Lekatt wrote:It happens for no reason at all in randomness. No matter how you try to argue for randomness, that argument will fail. Carbon dating depends on order, physical laws depends on order, science depends on order, even evolution depends on order.
Here again, you rely upon a statement from authority, and the only authority in evidence is your assertion of your opinion. In fact, carbon dating depends up the degredation of a specific carbon isotope--precisely because it is not in a steady state, it is possible to know how long it has been since the carbon containing the isotope was included in the item being dated.

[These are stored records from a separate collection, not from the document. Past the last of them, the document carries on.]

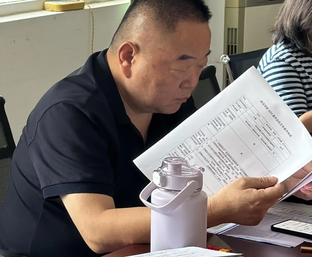 李耀宗处长查看毕业论文互查和学校检查结果落实情况,抽查毕业论文存档材料,以保障毕业论文的质量和规范性。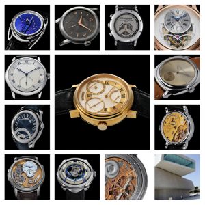 Sopra, da sinistra a destra orologi di P.Dufour, H.Asaoka, C.Claret, L.Ballourd, De Bethune, L.Ferrier, R.Gauthier, V.Halter, C.Klings, JD,Nicolas, R.W.Smith, K.Voutilainen; al centro G.Daniels e infine il museo d’arte contemporanea
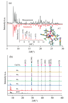 图3(a)是ETT粉末的XRD图谱和ETT晶体模拟的XRD图谱。 在7.80° 、 8.36° 、 8.56° 和9.08° 等处有较强的尖峰, 对应ETT的(010)、 (011)、 (100)和(0-11)晶面(ETT晶体的cif文件模拟)。 在图3(b)中, m1~m5样品在7.78° 、 8.34° 、 8.56° 和9.06° 附近有特征衍射峰, 这说明m1~m5样品中含有铕配合物。 在23.02° 、 29.38° 、 35.94° 等处特征衍射峰对应CaCO3的(012)、 (104)、 (110)晶面(PDF#47-1743)。 m1~m5样品在9.08° 和10.44° 处只有m1和m2有特征衍射峰, 并且特征衍射峰越来越弱, 这是由于CaCO3增多, ETT含量相对减少导致。 m1~m5样品中的ETT特征衍射峰相较于纯ETT的特征衍射峰位移微小, 说明ETT与CaCO3相互作用较小。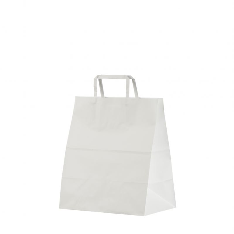 Valge take away paberkott mõõtudega 26x16x29 cm Hinnad alates  0,32 eur/tk   Valge take away kott on valmistatud tugevast 90 gr/ m2 valgest kraftpaberist   Kui soovite ilma trükita kotte, toimetame need reeglina kliendile kas juba samal päeval või hiljemalt järgmisel päeval Lamedate pabersangadega valgest kraftpaberist kott.

You are either incapable of assimilating the concept, or are willfully ignoring that the order of which you speak is imposed by the observer. Physical laws do not depend on order, our expression of what we believe to be true about the physical universe depends upon an orderly expression which allows others to comprehend. The universe is supremely indifferent to your existence or mine. Certainly science, and any theoretical sub-set of science such as evolution depend upon order--but it is the order imposed by the observer to facilitate comprehension. In the specific case of evolution, mutations occur randomly. If in the presence of such random mutations, the environmental circumstances in which the studied species exists have change in such a way as to favor the reproductive opportunity of the mutated individuals, natural selection will occur. If not, than the mutated individuals have no enhanced breeding opportunity, or even less opportunity, and will only recur in the species as a random mutation.
I rather think the idea of a lack of order frightens you. Why cannot you conceive of the possibility that randomness facilitates the development of life forms, and that the inability to change spells death, sooner or later, and very likely sooner rather than later, for the class under discussion?